Water is one of essential compounds for all forms of plants and animals [1], thus its pollution is generally considered more important than soil and air. Due to its specific centeracteristics, this liquid bears unique properties. It is the most effective dissolving agent, and adsorbs or suspends many different compounds [2].

More than one billion people in the world do not have suitable drinking water, and two to three billions lack access to basic sanitation services. About three to five millions die annually from water related diseases [3].

Surface water (fresh water lakes, rivers, streams) and groundwater (borehole water and well water) are the principal natural water resources. Nowadays one of the most important environmental issues is water contamination [4,5]. Heavy metals are among the major pollutants of water sources [6]. Despite this, heavy metals are sensitive indicators for monitoring changes in the marine environment.
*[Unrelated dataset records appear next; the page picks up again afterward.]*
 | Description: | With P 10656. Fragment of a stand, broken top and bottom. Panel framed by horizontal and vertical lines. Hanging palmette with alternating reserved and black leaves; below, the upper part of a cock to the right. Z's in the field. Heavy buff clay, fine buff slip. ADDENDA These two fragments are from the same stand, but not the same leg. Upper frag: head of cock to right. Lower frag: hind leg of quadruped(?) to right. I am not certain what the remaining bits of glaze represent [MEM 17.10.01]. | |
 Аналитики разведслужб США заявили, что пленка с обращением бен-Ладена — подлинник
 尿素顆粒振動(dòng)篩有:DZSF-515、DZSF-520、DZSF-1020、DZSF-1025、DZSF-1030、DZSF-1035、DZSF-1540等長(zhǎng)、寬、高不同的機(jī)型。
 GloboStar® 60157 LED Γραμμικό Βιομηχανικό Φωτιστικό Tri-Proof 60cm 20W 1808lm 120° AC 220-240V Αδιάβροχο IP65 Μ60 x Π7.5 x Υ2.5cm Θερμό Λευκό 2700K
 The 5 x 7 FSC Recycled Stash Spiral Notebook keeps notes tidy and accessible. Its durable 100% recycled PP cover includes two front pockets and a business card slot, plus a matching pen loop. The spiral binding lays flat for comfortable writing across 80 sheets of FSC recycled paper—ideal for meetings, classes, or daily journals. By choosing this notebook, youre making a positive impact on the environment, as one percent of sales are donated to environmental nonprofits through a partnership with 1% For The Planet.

Due to human industrial activities, the levels of heavy metals in the aquatic environment are seriously increasing and have created a major global concern [7,8]. Some of these metals are essential for the growth, development and health of living organisms, whereas others are non-essential as they are indestructible and most of them are categorized as toxic species on organisms [9]. Nonetheless the toxicity of metals depends on their concentration levels in the environment. With increasing concentrations in environment and decreasing the capacity of soils towards retaining heavy metals, they leach into groundwater and soil solution. Thus, these toxic metals can be accumulated in living tissues and concentrate through the food chain.
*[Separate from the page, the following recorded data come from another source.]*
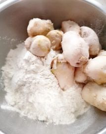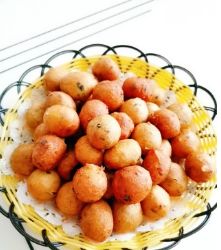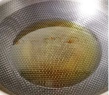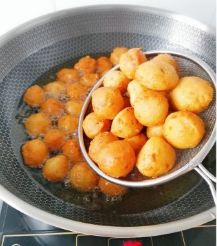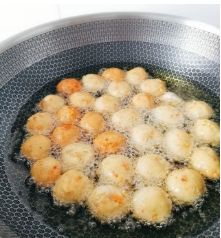 用勺子勺入油锅中(勺子勺完一个丸子,勺子要放入凉水中过一下,用不能丸子会粘在勺子上,用碗盛半碗水放旁边)。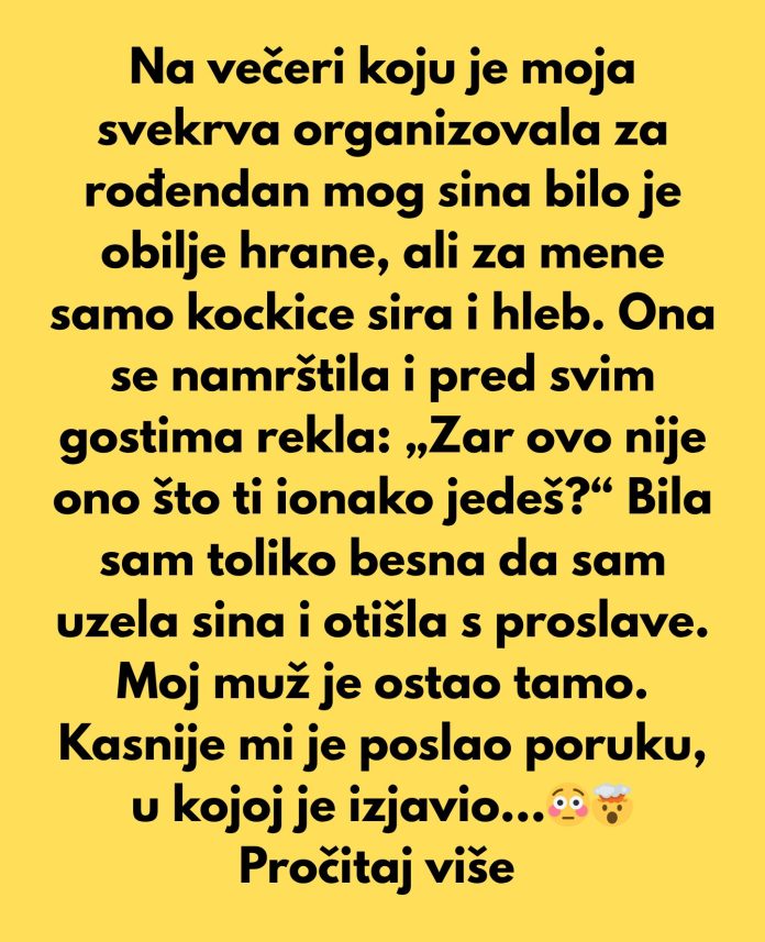 Njena granica bila je jasno određena – još od djetinjstva ona je vegetarijanka i to nije samo način ishrane, već dio njenog životnog izbora. Međutim, svekrva je odlučila da taj izbor ismije i predstavi kao nešto nevažno. Pred cijelom porodicom pripremila je obrok u kojem nije bilo ničega prilagođenog njoj, a zatim se kroz šalu, koja to zapravo nije bila, potrudila da je pred drugima dovede u neprijatan položaj. Ovaj čin nije bio slučajan previd, nego jasna poruka nepoštovanja. Kada se naruši dostojanstvo, teško je ostati miran, pa je žena donijela odluku da napusti okupljanje.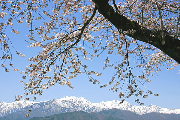 北アルプスの玄関口、立山黒部アルペンルートの信州側基点でもある大町市。市の郊外の高台にある大町公園、大町観光道路周辺は、桜の向こうに北アルプスの大パノラマが広がる桜の名所。残雪の爺ヶ岳、鹿島槍ヶ岳、五竜岳などの北アルプスと、桜の美しいコントラストがなんともいえません。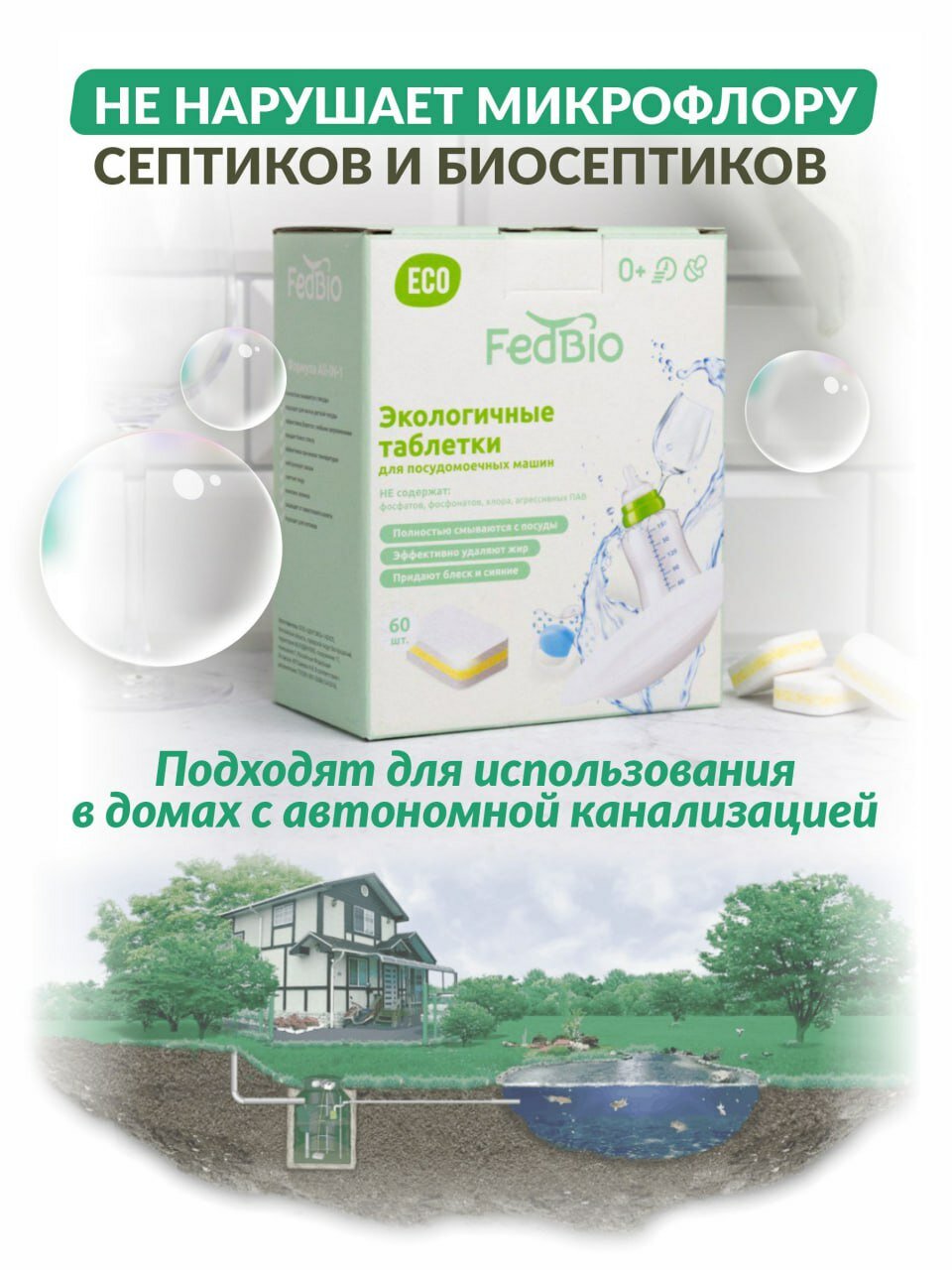 Экологичные таблетки для посудомоечной машины FedBio 60 шт интересное:

Cadmium is regarded as the most serious contaminant of the modern age [10]. Copper is classified as a priority pollutant because of its adverse health effects [11]. Zinc and iron are essential elements and are generally considered to be non-toxic below certain levels [12]. Lead is not an essential trace element in any organism and has no known biological function. It can cause a variety of harmful health effects [13] and is known as a fatal neurotoxicant [14]. Excessive concentrations of cobalt can cause death and various compounds of nickel are carcinogenic [15]. These menaces provoke the studies on the monitoring of these heavy metals in this chain being important for protection of public health.
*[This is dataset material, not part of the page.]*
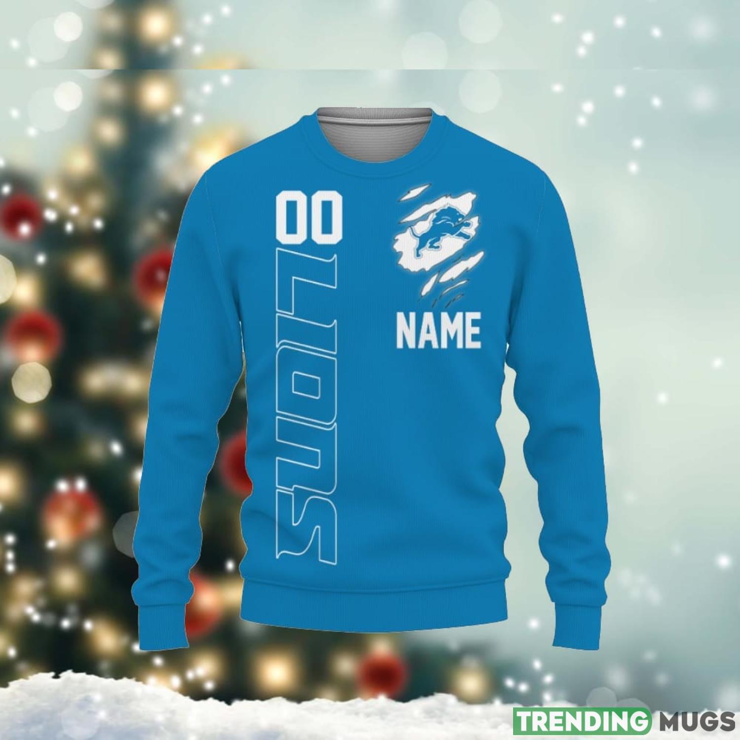 Crafted with exquisite attention to detail, this sweater features an eye-catching 3D design of the iconic Detroit Lions helmet. The custom name and number on the back give it a personalized touch, making it a truly unique gift. Whether you’re attending a game or just want to showcase your team spirit, this sweater is a must-have addition to your wardrobe.
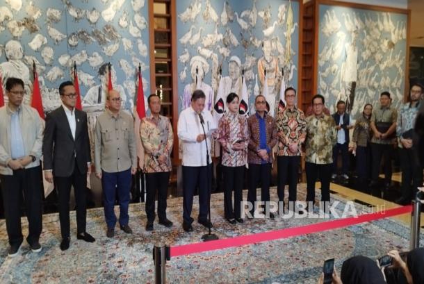 Menteri Koordinator bidang Perekonomian Airlangga Hartarto, Menteri Sekretaris Negara Prasetyo Hadi, Menteri Keuangan Purbaya Yudhi Sadewa, CEO Danantara Rosan Roeslani, COO Danantara Dony Oskaria, hingga Anggota Dewan Komisioner Pengganti Ketua dan Wakil Ketua Dewan Komisioner OJK Friderica Widyasari Dewi dalam konferensi pers di di Wisma Danantara, Jakarta, Sabtu (31/1/2026). – (/Subhan Zainuri Ikhsan)

A variety of techniques including x-ray fluorescence (XRF), neutron activation analysis (NAA), inductively coupled plasma-atomic emission spectrometry (ICP-AES), atomic absorption spectrometry (AAS) and graphite furnace atomic absorption spectrometry (GFAAS) have been used for evaluating the heavy metal concentration in environmental samples [16-20]. Beside their valuable centeracteristics, these techniques suffer from some disadvantages such as heavy capital cost, expensive maintenance, and insufficient sensitivity for very low concentrations of metals. Voltammetric methods are known as sensitive techniques for determination of a variety of chemical species [21]; among these techniques, differential pulse polarography (DPP) bears some advantages for accurate and precise detection and determination of trace amounts of heavy metal ions in environmental samples [22,23].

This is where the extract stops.